A Maine Coon cat studied the huskies from a safe distance. The dogs saw it and barked furiously. The cat, perhaps a coward but for sure not a fool, decided somewhere else was a good place to be and departed thither at high speed. Dick Barber seemed as bemused by it as he was by the descent of the media. “You would?” he said. “Are you sure?”

“Would we have come all this way if we weren’t?” she returned. All this way was a couple of hours’ drive up from Portland in good weather. Not much of that since the eruption, and Guilford was indeed a long way from the rest of the world.

“Who knows?” Barber said. “But if he wants to talk to you, I won’t try to stop him. Just remember, you brought it on yourselves. Why don’t you come into my parlor? I’m not even a spider.” He didn’t say anything about whether Marie Fabianski was a fly.

A fire burned in the fireplace there. That meant it wasn’t frigid: it was just cold. And just cold, in the middle of a post-eruption winter, felt wonderful to Rob.

While the cameraman photographed the room and set up his tripod and some battery-powered lights across from the couch, Barber whispered, “You went out after moose.”

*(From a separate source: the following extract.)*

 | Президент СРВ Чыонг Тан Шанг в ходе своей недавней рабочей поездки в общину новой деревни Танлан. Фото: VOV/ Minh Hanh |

“Yeah, well, this is what I found,” Rob said defensively. “Or I mean, they found me.”

Jim Farrell swept into the parlor. He was elegant in his trademark fedora and a dark gray topcoat that remained dapper even if it showed it hadn’t been new for a while. Not much clothing north and west of the Interstate had been new any time lately.

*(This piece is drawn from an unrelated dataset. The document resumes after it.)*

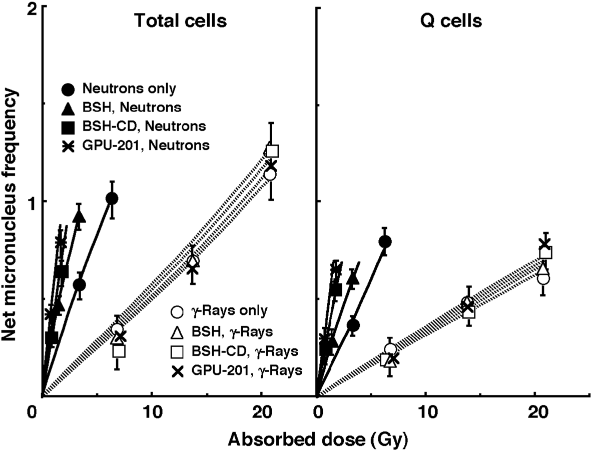 The left and right panels of Figure 4 show the net MN frequencies for irradiation in vivo as a function of the physically absorbed radiation dose in the total and Q tumor cell populations, respectively. When the 10B-carrier was employed, even if no radiation was given, MN frequencies were higher than when no 10B-carrier was administered, because of the slight genotoxicity of the drug (Table 1). Therefore, for background correction, we used the net MN frequency to exclude the effects of the genotoxicity of the 10B-carrier. The net frequency is the frequency in the irradiated tumors minus the frequency in the nonirradiated tumors. All net MN frequencies were actual values induced under each set of conditions. Namely, they included the values due to contaminating fast neutrons and γ-rays in the neutron beam.

“An invasion by the Fourth Estate!” he boomed in his resonant baritone. “How quaint! How outdated!”

He didn’t faze Marie Fabianski. She must have got a double dose of the antisarcasm serum. Before long, they sat side by side on the couch. The lights went on. So did the little red LED on the camera. “I’m CNN correspondent Marie Fabianski, speaking to you from the Trebor Mansion Inn in Guilford, Maine. With me is retired Professor James Farrell, who some call the de facto dictator of half the state of Maine.”

Whom , dear. Whom some call the de facto dictator,” Farrell said genially.

“I didn’t think you were an English professor,” she retorted.

“I wasn’t. But I do prize accuracy-which is more than a lot of people and organizations can claim these days.” Farrell named no names. He didn’t even name any initials. The jab went home even so.